Segundo investigador, durante o século XIX, essa tradição viveu maior pujança na ilha.
“Agora, assistimos ao seu regresso às restantes ilhas do arquipélago”, sublinhou.
A melhor praça
Para o presidente da Tertúlia Tauromáquica Terceirense (TTT), entidade organizadora do evento, o regresso da sorte de varas às corridas de toiros da ilha Terceira garantirá que a praça local “será a melhor de Portugal”.
“É importante perceber o peso da projecção internacional que tem o toureio a pé e nesse sentido, a recuperação do primeiro tércio tem de ser uma realidade imediata”, defendeu Arlindo Teles, na abertura do Fórum Mundial da Cultura Taurina.
Para o responsável, as declarações de Álvaro Monjardino são um novo fôlego para a luta da aficion local pela reintrodução da sorte de varas nos Açores.
Em paralelo, Arlindo Teles sublinhou que “os ataques desferidos à tauromaquia resultam da falta de conhecimento e de ignorância exacerbada, acompanhados por uma tendência em adoptar posturas do politicamente correcto que não é mais do que a negação da própria democracia”.
“A corrida de toiros é o espectáculo cultural mais rico que se conhece porque encerra estética, expressão plástica, movimento, cor, rito, representação cénica, ética, respeito, galhardia, valor e emoção”, argumentou Arlindo Teles.
Reclamou, por isso, que “os media e os responsáveis políticos do mundo tenham apenas o mínimo de abertura e coragem para que a festa brava se afirme por isso”.
Questionado sobre o porquê da ausência de deputados regionais na sala, Arlindo Teles adiantou que “foram convidados os parlamentares da Terceira, que declinaram a presença devido ao fórum coincidir com a sessão plenária na Horta”.
“Relativamente à sua ausência da mesa redonda sobre Política e Toiros, a organização – que quis colocar nesse debate políticos com reconhecido gosto pela Festa Brava – entendeu que, para evitar o risco de uma maior ou menor representatividade partidária, que poderia suscitar leituras erradas, não incluir deputados regionais nesse debate”, explicou.
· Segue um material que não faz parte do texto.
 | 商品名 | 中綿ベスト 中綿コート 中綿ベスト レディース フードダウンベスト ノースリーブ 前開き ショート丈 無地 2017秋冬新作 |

A mesa redonda sobre Política e Toiros decorreu após a intervenção de Álvaro Monjardino.
O Fórum Mundial da Cultura Taurina continua hoje no Auditório do Ramo Grande, na Praia da Vitória, com uma palestra sobre o “Toureio da Cultura” e outra sobre a “Ética no Toureio” e uma mesa redonda sobre a “União dos Aficionados” e outra sobre “Toiros e Ecologia”.
O evento termina sábado, em Angra, com uma mesa redonda sobre “Filosofia, Ética e Estética no Toureio”.